注:不要混淆 memory_order_seq_cst 保证的 single total ordermemory_order_relaxed 保证的 modification order consistency

下面通过几个例子来理解 sequentially-consistent ordering:

  1. 考虑如下代码(std::atomic<T>::load, std::atomic<T>::store 的默认 memory_order 参数就是 memory_order_seq_cst,本例中省略了 memory_order 参数):

    +----------------+----------------+-------------------+-------------------+
| Thread 1       | Thread 2       | Thread 3          | Thread 4          |
+================+================+===================+===================+
|                |                | while (!x.load()) | while (!y.load()) |
| x.store(true); | y.store(true); |     ;             |     ;             |
|                |                | if (y.load())     | if (x.load())     |
|                |                |     ++z;          |     ++z;          |
+----------------+----------------+-------------------+-------------------+
| std::atomic<bool> x{false}, y{false};                                   |
| std::atomic<int> z{0};                                                  |
| When the four threads finish their execution, z must not be 0.          |
+-------------------------------------------------------------------------+

    初始时 x = y = false, z = 0,当这 4 个 threads 执行结束后,z 值一定不为 0。这是因为 memory_order_seq_cst 保证所有 memory_order_seq_cst 的 atomic operations 之间存在一 single total order。在本例中,只有 x 和 y 两个 atomic object,正好 4 个 threads 中对 x 和 y 的 atomic operations 使用的都是 memory_order_seq_cst,所以 x.store(true)y.store(true) 在 single total order 中只存在两种可能的顺序:

    1. X-Y 即在 single total order 中对 x 的修改先于对 y 的修改。这样,当 thread 4 读取到的 y 的值为 true 时,此时 thread 4 读取到的 x 的值也一定为 true,因此 ++z 一定会执行,所以 z 一定不为 0。

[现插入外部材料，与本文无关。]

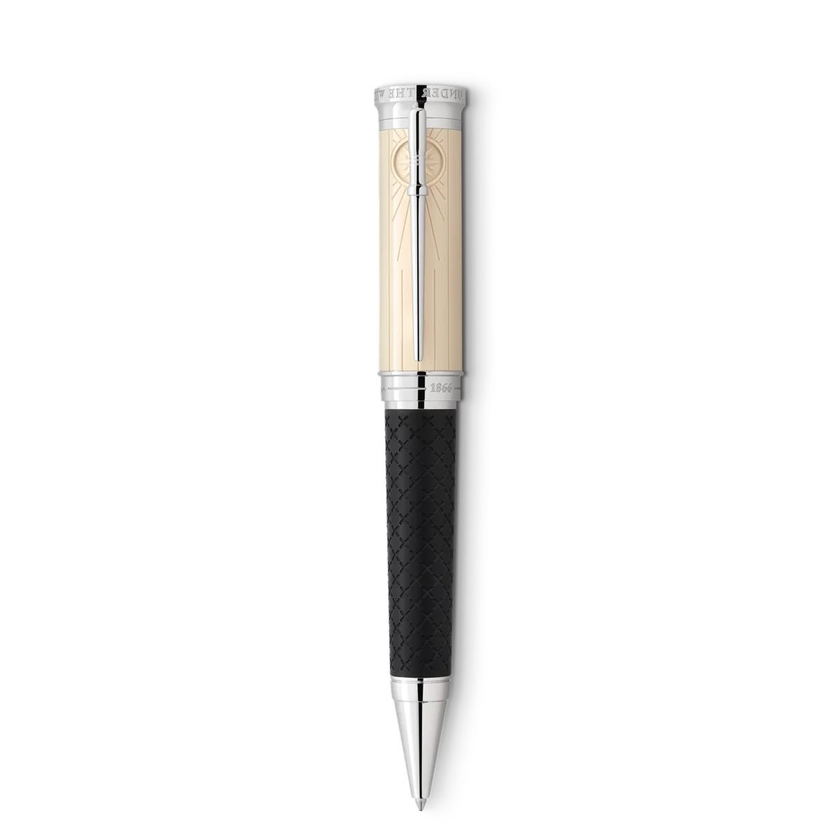 Robert Louis Stevenson, 1850 in Edinburgh, Schottland, geboren, hatte zwei große Wünsche: Freiheit und das Eintauchen in andere Welten. Er verfasste Essays und Reiseberichte sowie seine legendären Abenteuergeschichten, die von markanten Charakteren bevölkert sind, deren Namen den Lesern auf der ganzen Welt einen Schauer über den Rücken jagen: Long John Silver, Captain Flint, Jekyll und Hyde. Die Montblanc Writers Edition Homage to Robert Louis Stevenson ist diesem fantasievollen Geschichtenerzähler gewidmet. Der Roman „Die Schatzinsel“ inspirierte viele Designdetails der Edition. Die Gesamtform des Schreibgeräts und die Ringe auf dem Konus vermitteln den Eindruck eines historischen, ausziehbaren Fernrohrs. Der schwarze Schaft aus Edelharz ist mit eingravierten Kreuzen verziert, darunter ein größeres „X“, wie es die Position des Schatzes auf einer Karte markiert. Vertikale Linien, die an die Planken des Schoners „Hispaniola“ und eine traditionelle Seekiste erinnern, zieren die Kappe der Writers Edition. Hinter dem platinbeschichteten Clip laufen die Linien in einer Kompassrose zusammen, während der Clip die Form eines Belaying-Pins imitiert, an dem die Leinen der Takelage eines Schiffes befestigt würden. Die Kappe wird von dem Montblanc-Emblem gekrönt, das mit dem Symbol der Piraten, einem Totenkopf mit gekreuzten Knochen, verziert ist, der in der Mitte hervorgehoben ist. Der Kappenring ist mit einer Gravur von Stevensons Unterschrift neben dem Erscheinungsdatum seines ersten Werks „The Pentland Rising“ aus dem Jahr 1866 verziert. Die Daten 1850–1894 sind auf der Kappe eingraviert, um an das Leben von Robert Louis Stevenson zu erinnern.

    2. Y-X 即在 single total order 中对 y 的修改先于对 x 的修改。这样,当 thread 3 读取到的 x 的值为 true 时,此时 thread 3 读取到的 y 的值也一定为 true,因此 ++z 一定会执行,所以 z 一定不为 0。

    问题:如果将本例中对 x 和 y 的 load/store 使用的 memory order 修改为 memory_order_acquire/memory_order_release,那么当 4 个 threads 执行结束后,z 的值是否还能保证一定不为 0 ?

    答案:不能保证,即 z 的值可能为 0。因为 release-acquire ordering 不能保证 single total order。对于 thread 3 可能是先观测到 x 先被修改为 true 然后再观测到 y 被修改为 true,当 thread 3 执行 y.load() 时还没观测到 y 被修改为 true,所以 thread 3 的 ++z 不会被执行;对于 thread 4 可能是先观测到 y 先被修改为 true 然后再观测到 x 被修改为 true,当 thread 4 执行 x.load() 时还没观测到 x 被修改为 true,所以 thread 4 的 ++z 不会被执行。因此当 4 个 threads 执行结束后,z 的值可能为 0。

  2. 考虑如下代码:

    +--------------------------------------+--------------------------------------+
| Thread 1                             | Thread 2                             |
+======================================+======================================+
| x.store(true, memory_order_release); | y.store(true, memory_order_release); |
| if (!y.load(memory_order_seq_cst))   | if (!x.load(memory_order_seq_cst))   |
|     ++z;                             |     ++z;                             |
+--------------------------------------+--------------------------------------+
| int z{0};                                                                   |
| std::atomic<bool> x{false}, y{false};                                       |
| When the 2 threads finish their execution, z = 2 is allowed                 |
+-----------------------------------------------------------------------------+

    因为位于 memory_order_acquire atomic load 之前的 memory accesses 允许被 reorder 至该 acquire atomic load 之后,位于 memory_order_release atomic store 之后的 memory accesses 允许被 reorder 至该 release atomic store 之前,又因为使用 memory_order_seq_cst 的 atomic load 有着与 memory_order_acquire 一样的语义,所以 thread 1 的 y.load(std::memory_order_seq_cst) 是可以被 reorder 至 x.store(true, std::memory_order_release) 之前的。同理 thread 2 的 x.load(std::memory_order_seq_cst)是可以被 reorder 至 y.store(true, memory_order_release) 之前的。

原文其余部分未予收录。